Rio de Janeiro, South America

The basis for the development of the smart city plan is the local government’s telecommunications network. It has been introduced in the last few years to help the city to become more inclusive and to provide better quality of life. It includes:

  • a digital inclusion program, which is an important indicator that tracks the population’s access to new technologies, particularly in disadvantaged communities across the city
  • collaborative strategic planning of the local government with the citizens, mainly in deprived areas
  • the integration of the city’s operations center (COR), amongst agencies and utilities, supporting the local government’s decision-making process
  • exclusive transport corridors and the integration of public transport means with a unified ticket for all
  • many other initiatives are in progress.

Konza Technopolis, Kenya

The Konza integrated urban ICT network distributes and manages urban services efficiently integrating the following four key city initiatives:

  • infrastructure development including transportation, utilities, public safety, environment
  • collaboration with the citizens
  • city information, planning, and development • support for local commerce.

The system architecture includes:

  • data collection from smart devices and sensors embedded in the urban environment, such as roadways, buildings, and other assets.
  • A communication software that allows data analysis to deliver beneficial messages and digital services to Konza’s population. For example, traffic maps and congestion advice, emergency warnings, and data on energy and water consumption.

The implementation of the smart city framework has started with the ICT infrastructure.
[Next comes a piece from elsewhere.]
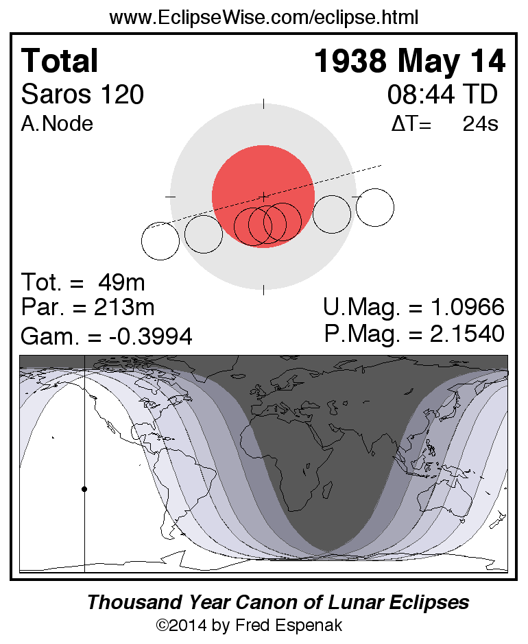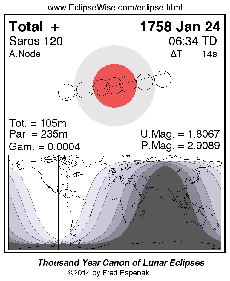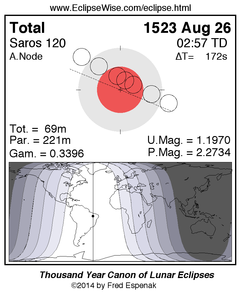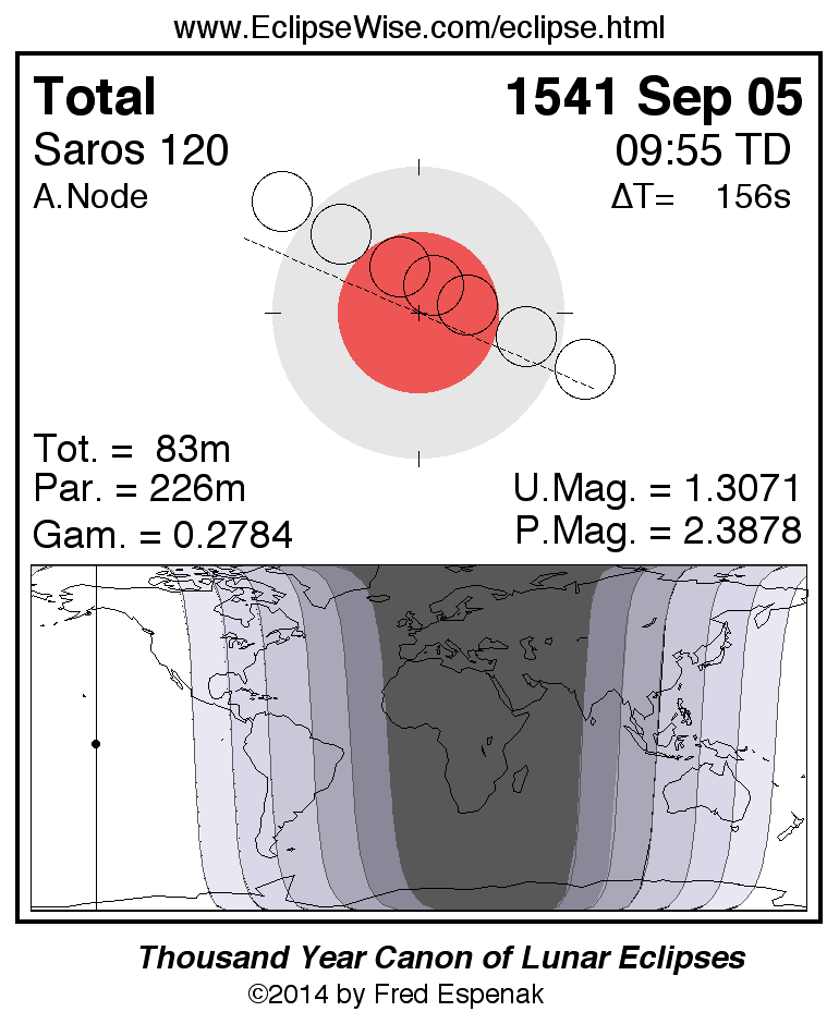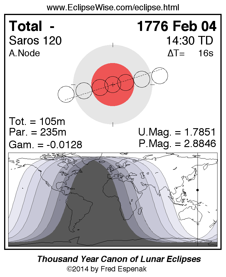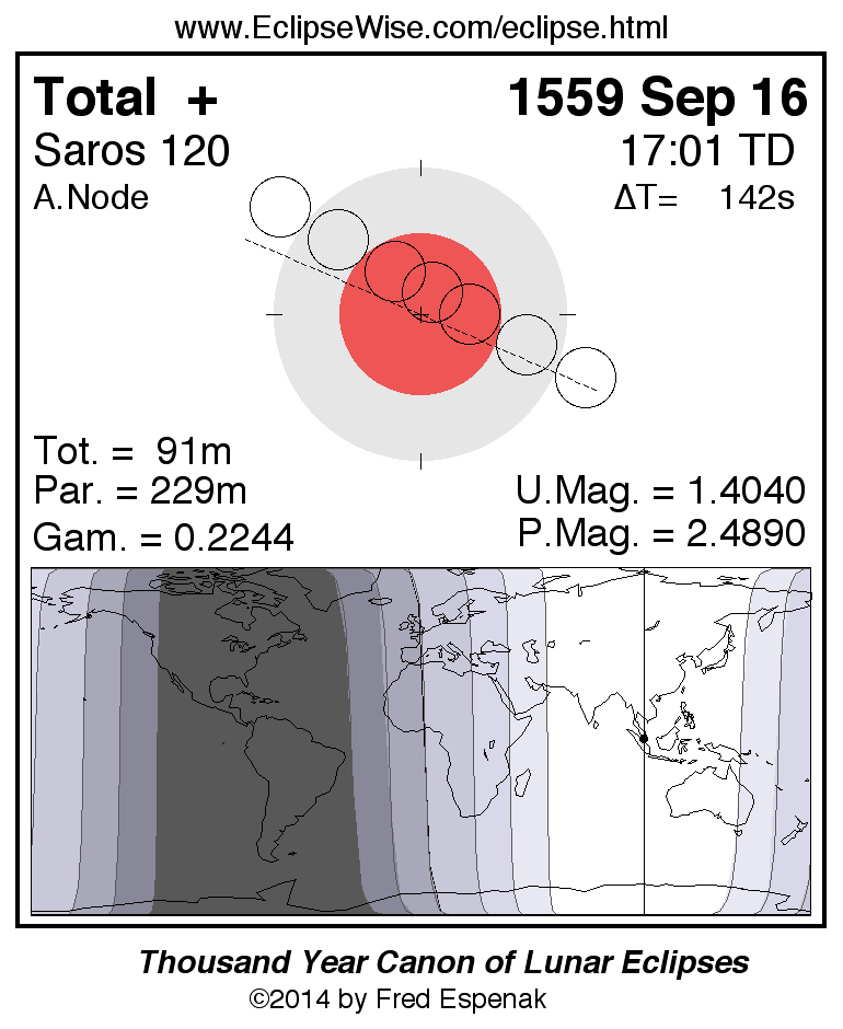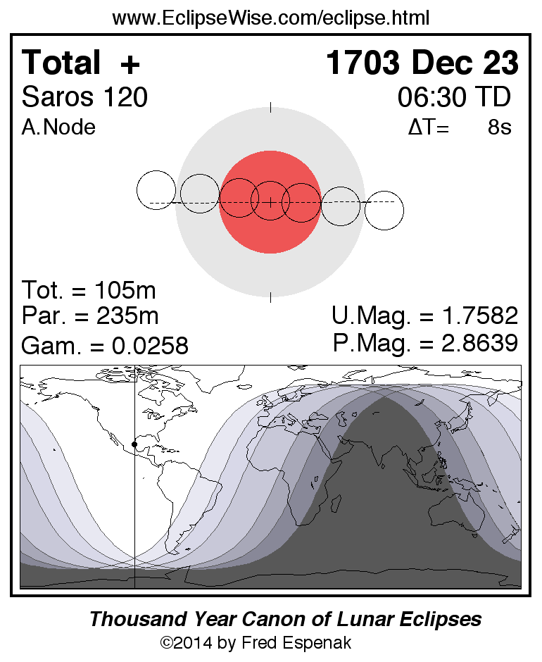 A panorama of all lunar eclipses belonging to Saros 120 is presented here. Each figure shows the Moon's path with respect to Earth's penumbral and umbral shadows. Below the path is a map depicting the geographic region of visibility for the eclipse. The date and time are given for the instant of Greatest Eclipse. Every figure serves as a hyperlink to the EclipseWise Prime page for that eclipse with a larger figure and complete details for the eclipse. Visit the Key to Lunar Eclipse Figures for a detailed explanation of these diagrams. Near the bottom of this page are a series of hyperlinks for more on lunar eclipses.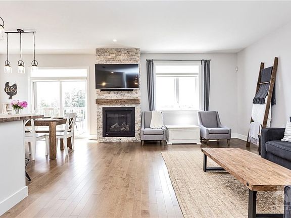 Fabulous END UNIT on PREMIUM LOT w/ WALKOUT! Immaculate 3 bdrm, 4 bath home with NO REAR NEIGHBOURS and COUNTRY VIEWS! From the interlock front walk, you're greeted with 9' ceiling, wide foyer and large pwdrm. Follow the extra-wide front hall to the open concept, sunlit kitchen and lvgrm. $40k in upgrades incl GAS STOVE, QUARTZ counters in kitchen and bathrms, MAPLE HRDWD, GAS BBQ hookup, the list goes on! Host guests in the large dining area adj. to the cozy gas fp or outside gazing at Carp's scenic countryside. Follow the hrdwd stairs to your oversize prmbdrm, with deep WIC and stunning ensuite w/ WIShwr. The 2nd level is complete with 2 add'l bdrms (2nd WIC), stylish main bath and laundry room. The bright walk-out basement has 4th bath, an office nook (possible 4th bdrm) and large rec area. Step out onto the STONE PATIO w/ HOT TUB and BUILT-IN FIRE TABLE. Offers to be presented @3pm on Tues, July 13, however Seller reserves the right to review and may accept pre-emptive offers.

The next steps will consist of developing a technology network to implement best international practices by learning from global cities that have already achieved high-level rankings on the smart cities list mentioned above.

In conclusion

In 2023, we see a trend for all cities in the world, to get smarter by embracing IoT solutions to deal with issues including:

  • a flexible urbanization
  • traffic and congestion
  • economic development
  • sustainability
  • transparency

We can expect to observe some exciting projects rolling out around the world.